Crypto Pessimism Grows With Bitcoin Falling Back Below $17,000

(Bloomberg) — Bitcoin dropped back below $17,000 and several smaller cryptocurrencies referred to as altcoins posted significantly steeper declines as concern increases that the digital-asset market’s woes are far from over. 

The largest token dropped as much as 3.7% to $16,762 on Friday. Earlier in the week, Bitcoin reached its highest price since Sam Bankman-Fried’s crypto empire filed for bankruptcy last month. On Friday, Ether declined as much as 6.3%, while other altcoins like Avalanche and Solana dropped as well. 

Cryptocurrencies dipped alongside US stocks as the economy weathers the Federal Reserve’s aggressive tightening. The drop reverses a brief relief rally that pared back some of the token’s November losses. Since the start of the year, Bitcoin has declined roughly 65%.

Fairlead Strategies Senior Analyst Will Tamplin said that the token is at risk of re-approaching its November lows. Then, it sank to its lowest price since November 2020.  

Noelle Acheson, author of the of the “Crypto is Macro Now” newsletter, wrote that investors remain skittish about the fates of other crypto-related companies, including Binance Holdings Ltd. and Digital Currency Group, parent company of troubled crypto broker Genesis. Binance’s BNB token was down 6.3% on Friday, and has slumped about 50% in the past year.

“There may be some ugly contagion news yet to drop,” Acheson wrote. “But most investors who were going to sell have done so.”
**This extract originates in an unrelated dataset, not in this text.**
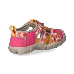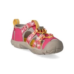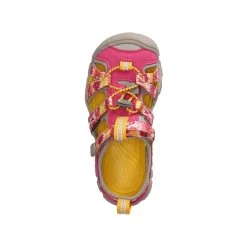 Keen Mädchen Outdoor Sandalen/ Sandalen Gelb/ Pink Textil-Synthetik-Mix – geschlossener Zehenbereich – Teile in modernem Batikmuster – Fersenriemen mit Klettverschluss – Schnellverschluss – leicht vorgeformtes TieffuĂźbett – flexible, rutschhemmende Profilsohle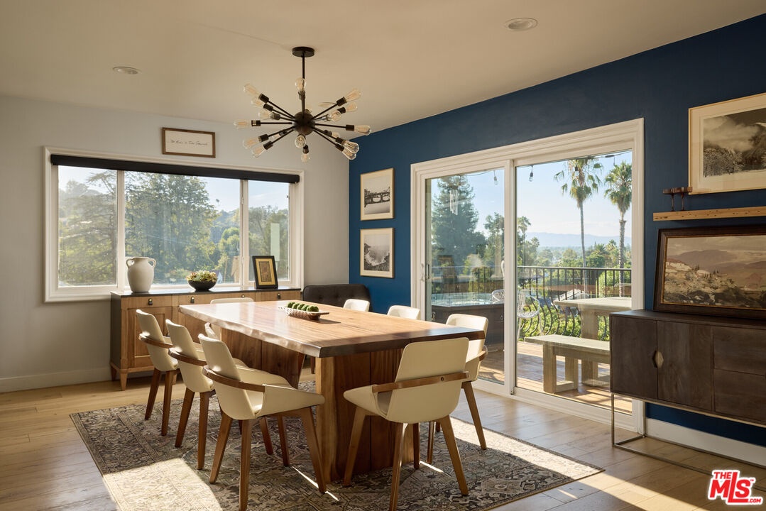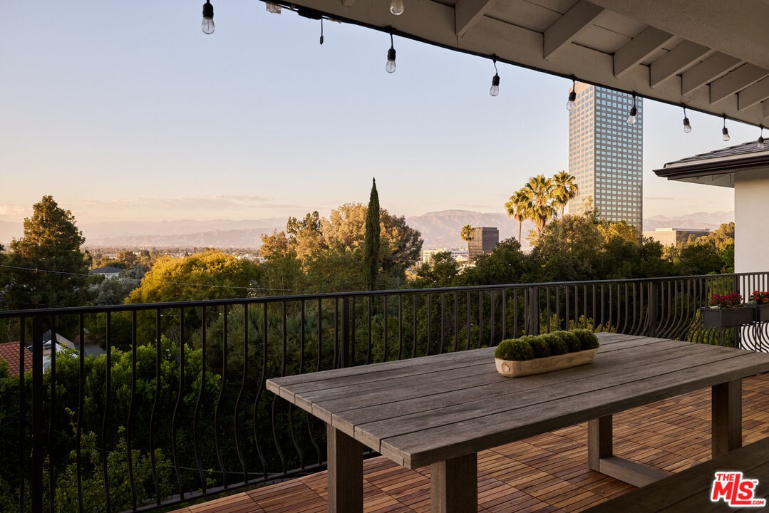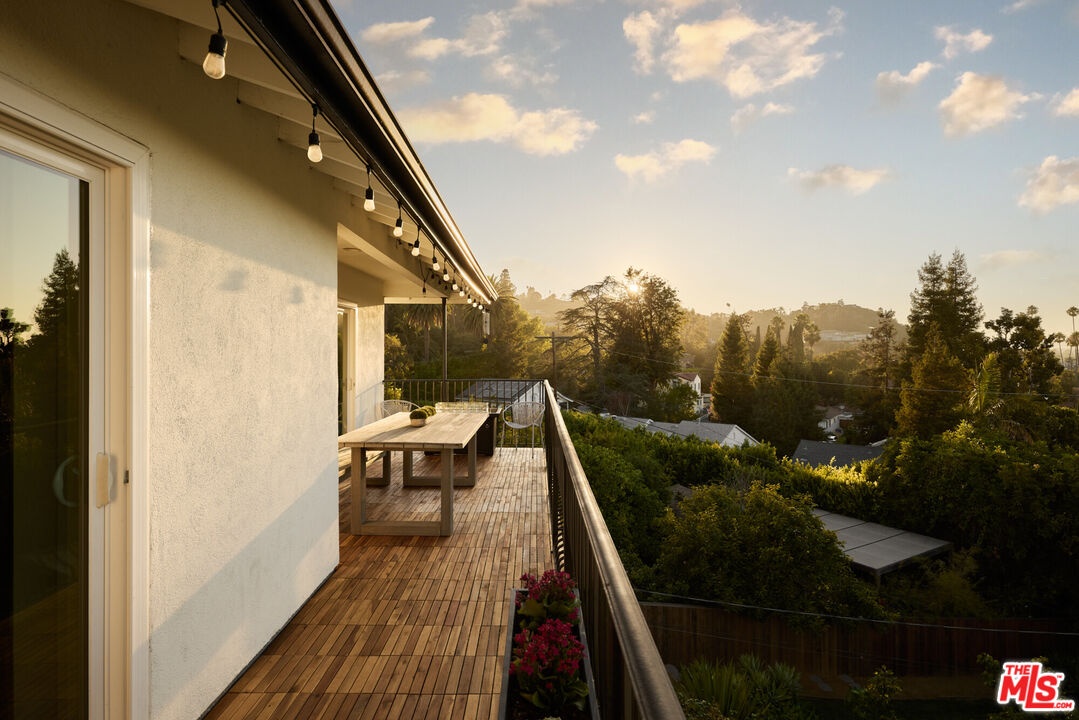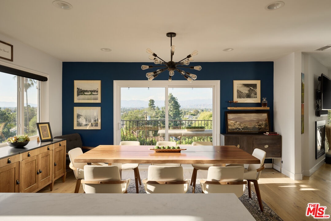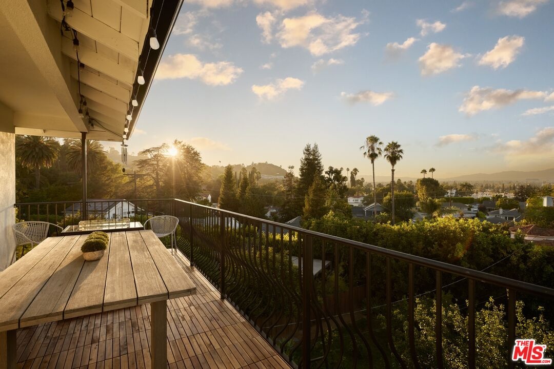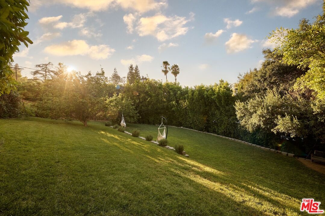 Sitting front row on more than a quarter-acre of park-like grounds, 3964 Fredonia is a rare offering that blends commanding city views, a modern residence, and one of the largest flat, usable backyards in the hills. Spanning two levels, the home offers an open floor plan with new wide-plank wood floors, recessed lighting, and expansive windows framing treetop and mountain views from nearly every room. The chef's kitchen is outfitted with new stainless-steel appliances, quartz countertops, a walk-in pantry, breakfast bar, built-in wine fridge, and dual dishwashers designed for both function and flow. The adjacent dining area is wrapped in glass and opens to a private deck overlooking the city, with snowcapped mountains visible on clear days. A side balcony framed by bougainvillea creates a picturesque setting for morning coffee or evening sunsets. Downstairs, the private primary suite feels like a retreat, surrounded by greenery with its own updated bath and generous built-ins. Additional bedrooms, a dedicated office, and multiple flexible spaces provide room for family and guests, while the family room is anchored by a restored gray lime-wash fireplace and custom built-in shelving with integrated lighting. The grounds are a true rarity for the area, with a fully fenced, oversized lot framed by mature ficus that creates both privacy and possibility. Expansive flat lawn areas and multiple seating nooks invite alfresco dining, play, and pets, while also offering space to envision a future ADU or guest house. A front courtyard features a mini chef's garden and orchard with blackberries, citrus, and avocado trees, and the backyard boasts a drip-irrigation system that supports the lush landscaping. Sustainable upgrades include owned solar panels, an EV charger, Nest thermostat, and ADR security system with comprehensive monitoring. A two-car garage, laundry room with custom drying racks, and generous storage complete this versatile, design-forward getaway above the city.

Shares of companies tied to the digital-asset world continued to be under pressure. Coinbase Global Inc., fell as much as 9% to $34.71, another all-time low. The shares of the biggest US crypto exchange have tumbled 85%. Bitcoin miners Marathon Digital fell almost 85, while Riot Blockchain dropped 6%. They’re down 88% and 83%, respectively, since last December.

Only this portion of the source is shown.